* [RECORDS SUPPLIED]
>>>
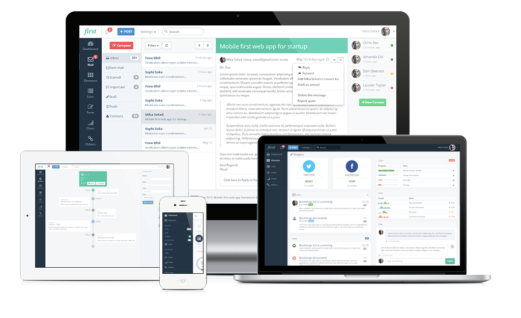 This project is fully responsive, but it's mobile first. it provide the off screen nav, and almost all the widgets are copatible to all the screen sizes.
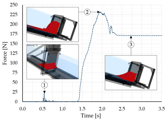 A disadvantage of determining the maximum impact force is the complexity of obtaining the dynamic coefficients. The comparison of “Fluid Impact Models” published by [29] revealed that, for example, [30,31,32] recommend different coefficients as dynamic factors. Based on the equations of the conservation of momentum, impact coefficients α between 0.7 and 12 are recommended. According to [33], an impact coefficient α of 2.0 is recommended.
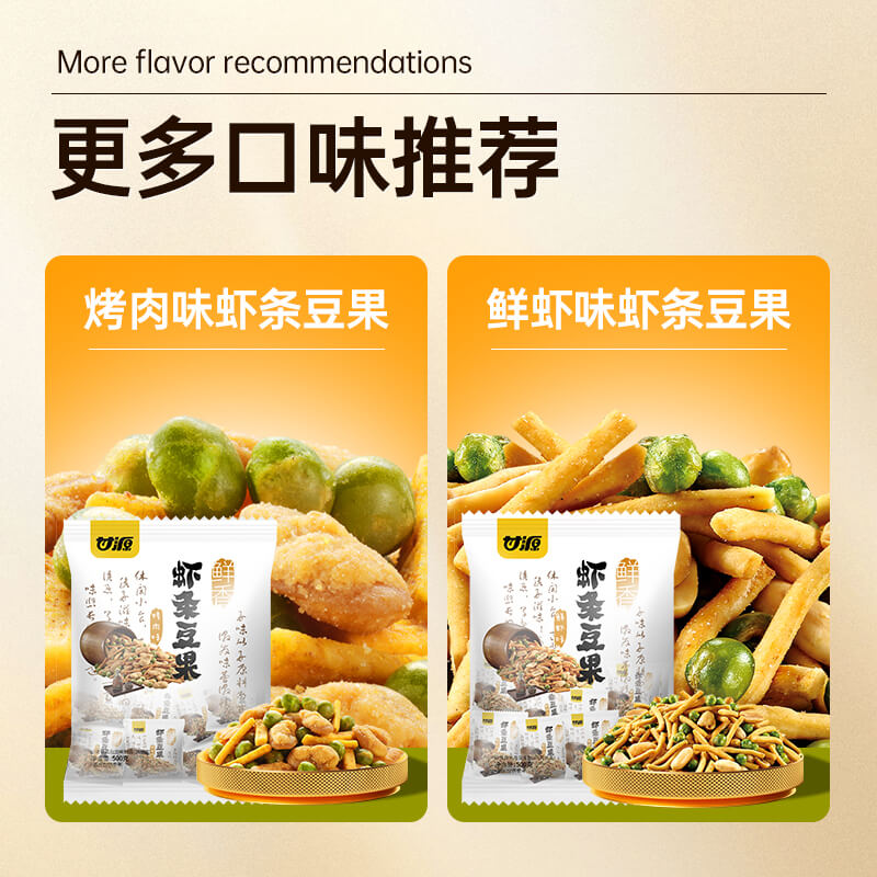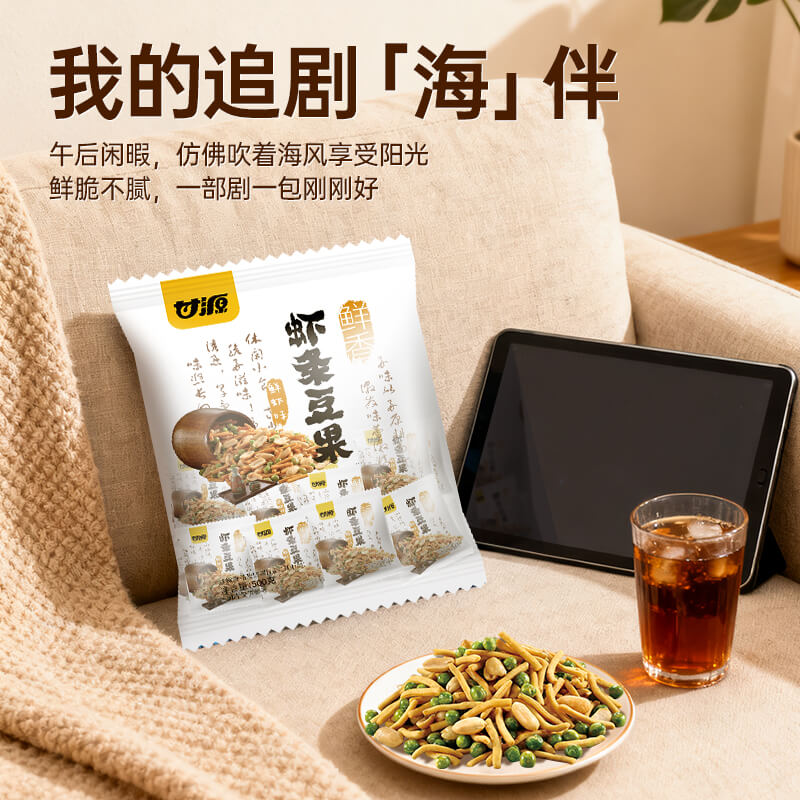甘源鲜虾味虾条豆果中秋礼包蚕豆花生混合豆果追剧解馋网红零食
<<<
>>>
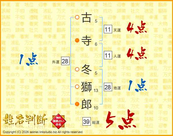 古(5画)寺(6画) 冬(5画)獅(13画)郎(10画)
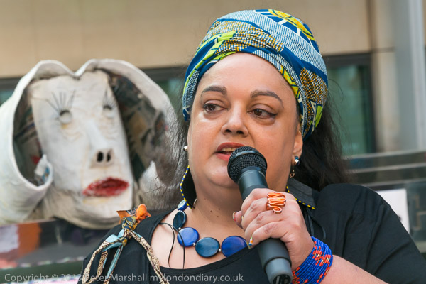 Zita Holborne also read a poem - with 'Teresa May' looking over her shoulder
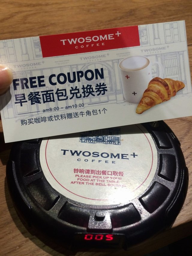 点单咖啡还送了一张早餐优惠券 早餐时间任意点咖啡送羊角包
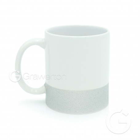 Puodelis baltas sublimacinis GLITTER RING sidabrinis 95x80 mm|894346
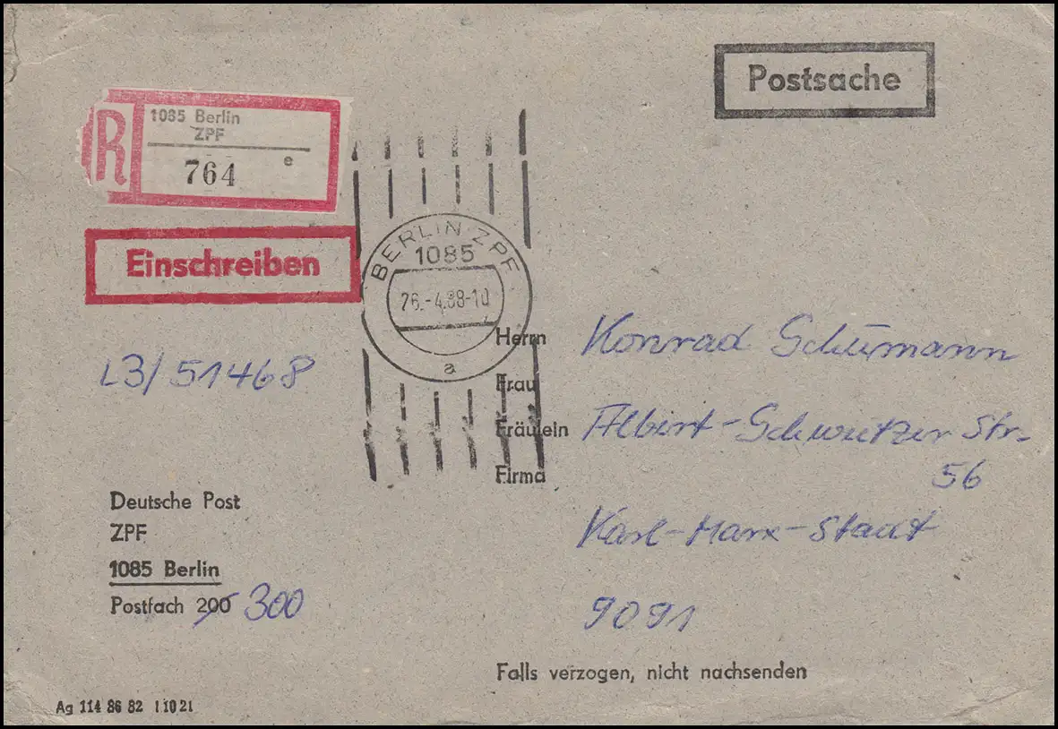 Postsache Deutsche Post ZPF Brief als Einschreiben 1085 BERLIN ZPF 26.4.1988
<<<
>>>
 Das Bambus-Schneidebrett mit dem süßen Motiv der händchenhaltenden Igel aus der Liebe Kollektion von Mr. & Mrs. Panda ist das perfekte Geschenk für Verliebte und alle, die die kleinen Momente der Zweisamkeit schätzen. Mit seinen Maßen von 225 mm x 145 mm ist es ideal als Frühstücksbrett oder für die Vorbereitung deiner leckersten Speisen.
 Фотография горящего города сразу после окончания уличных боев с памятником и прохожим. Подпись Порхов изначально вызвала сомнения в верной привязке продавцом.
<<<
* [WORK TO BE COMPLETED]
Reproduce exactly the lines above starting at the line containing "点单咖啡还送了一张早餐优惠券 早餐时间任意点咖啡送羊角包" and ending at the line containing "Postsache Deutsche Post", including both, but not the pictures.

* [ANSWER TO THE EXERCISE]
 点单咖啡还送了一张早餐优惠券 早餐时间任意点咖啡送羊角包
 Puodelis baltas sublimacinis GLITTER RING sidabrinis 95x80 mm|894346
 Postsache Deutsche Post ZPF Brief als Einschreiben 1085 BERLIN ZPF 26.4.1988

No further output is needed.